Accounting Standards Update No. 2016-09 offers a number of improvements that surfaced as areas of concern as FASB helped form its Private Company Council, as it reviewed findings of a 2014 post-implementation review of the historical FAS 123R on share-based payment, and as it performed outreach on its simplification initiative. The new guidance addresses several aspects of how to account for the tax consequences of share-based payments, classification of the awards as either equity or liability, and classification on the statement of cash flow.

“Both public and private company stakeholders identified a few aspects of accounting for employee share-based awards that are unnecessarily complex,” said FASB Chairman Russ Golden in a statement. “Based on input from those stakeholders—including the Private Company Council—the FASB has issued a standard that we believe will simplify the accounting while maintaining the usefulness of information provided to investors.”

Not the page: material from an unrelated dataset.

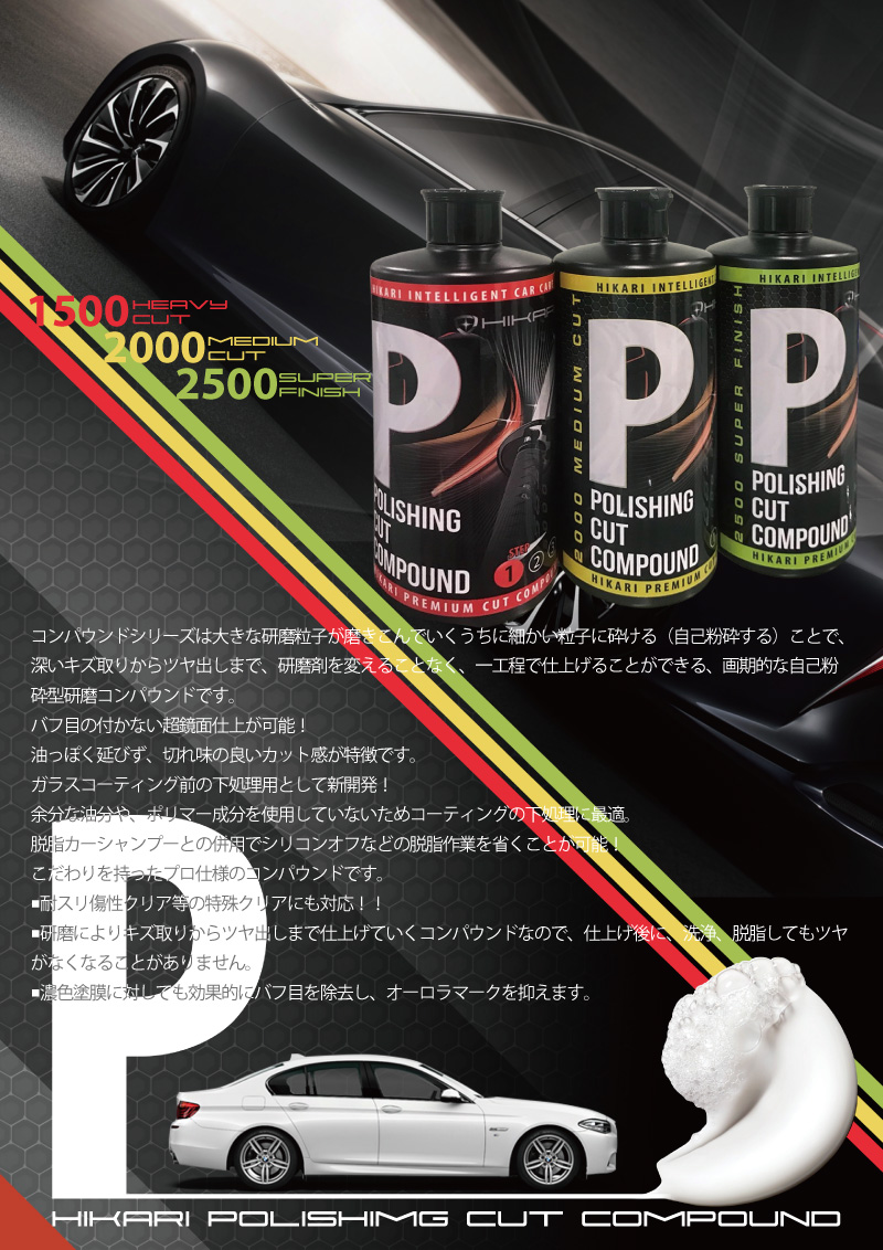 コンパウンドシリーズは大きな研磨粒子が磨きこんでいくうちに細かい粒子に砕ける(自己粉砕する) ことで、深いキズ取りからツヤ出しまで、研磨剤を変えることなく、一工程で仕上げることができる、画期的な自己粉砕型研磨コンパウンドです。

With respect to income taxes, for example, existing accounting rules require companies to determine for each award whether there are tax benefits or tax deficiencies arising due to differences in tax and financial reporting. Excess tax benefits are recognized in additional paid-in capital (APIC) while tax deficiencies are recognized either as an offset to accumulated excess tax benefits or in the income statement. Under the simplified standard, all excess tax benefits and deficiencies should be recognized as income tax expense or benefit in the income statement, eliminating the APIC pools.

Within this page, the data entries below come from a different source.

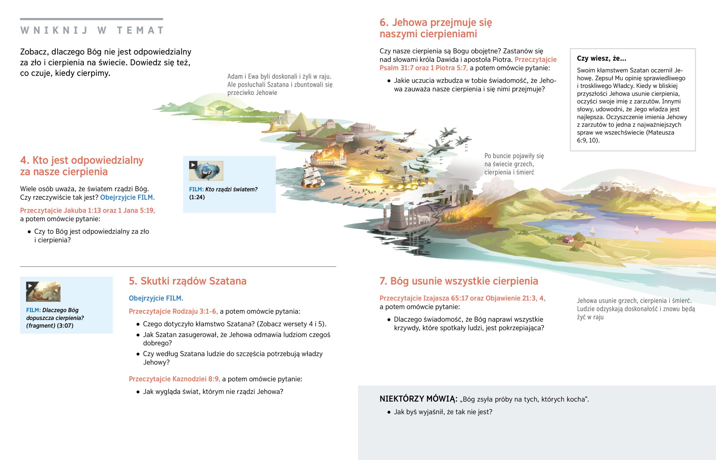 Odpowiedzialność za zło na świecie ponoszą przede wszystkim Szatan Diabeł i pierwsza para ludzka. Jehowa bardzo przejmuje się naszymi cierpieniami i wkrótce je usunie.
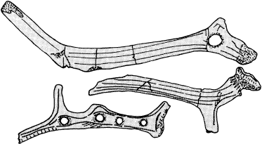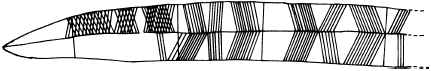 Здесь можно упомянуть о некоторых примерах более современного использования палочек с лунным календарем. Они были известны задолго до того, как Маршак занялся исследованием материалов верхнего палеолита. Он тоже обратил на них внимание в связи со своими собственными идеями, особенно на современные палочки с лунным календарем с Никобарских островов. Эти палочки из белого дерева с зарубками похожи на нож или ятаган, а зарубки расположены на грани и на плоскости. Месяцы отмечаются наклонными значками, а когда все пространство заполнено, последующие месяцы отмечаются поперек прошедших, в результате чего получается перекрестно-штриховой рисунок (рис. 3). Отметки на этих палочках четко показывают дни прибывающей и убывающей Луны.
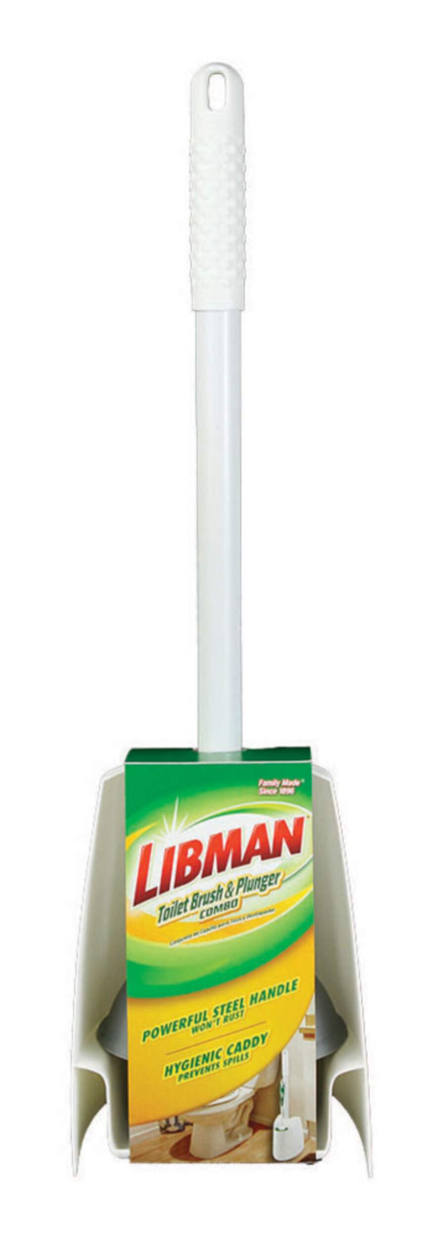 The Libman Toilet Bowl Brush & Steel Plunger Combo features a non-slip brush handle grip for easy handling. The oversized rubber plunger provides the best seal, allowing for more effective plunging. It comes with a sleek and practical caddy to keep your bathroom tools organized and ready for use. This convenient combo contains essential tools for maintaining a clean and hygienic bathroom in your home.

The new guidance also eliminates the current requirement for excess tax benefits to be realized before companies can recognize them. EY explains in an alert to its clients that companies will need to apply this aspect of the new guidance by recording a cumulative-effect adjustment in retained earnings for excess tax benefits not previously recognized. “A company must assess the realizability of any deferred tax assets it records upon adoption as a result of recognizing excess tax benefits,” EY says. “If a valuation allowance on those deferred tax assets is necessary on the date of adoption, the company will record the valuation allowance in retained earnings.”

With respect to forfeitures, the new rules will allow companies to elect whether they will account for forfeitures of share-based awards either as they occur or by estimation. That practical expedient will be especially useful for private companies, EY notes, but public companies already have a similar simplified method available to them through Securities and Exchange Commission Staff Accounting Bulletin Topic 14. 

The new requirements take effect for annual periods beginning after Dec. 15, 2016, with early adoption permitted in any interim or annual period.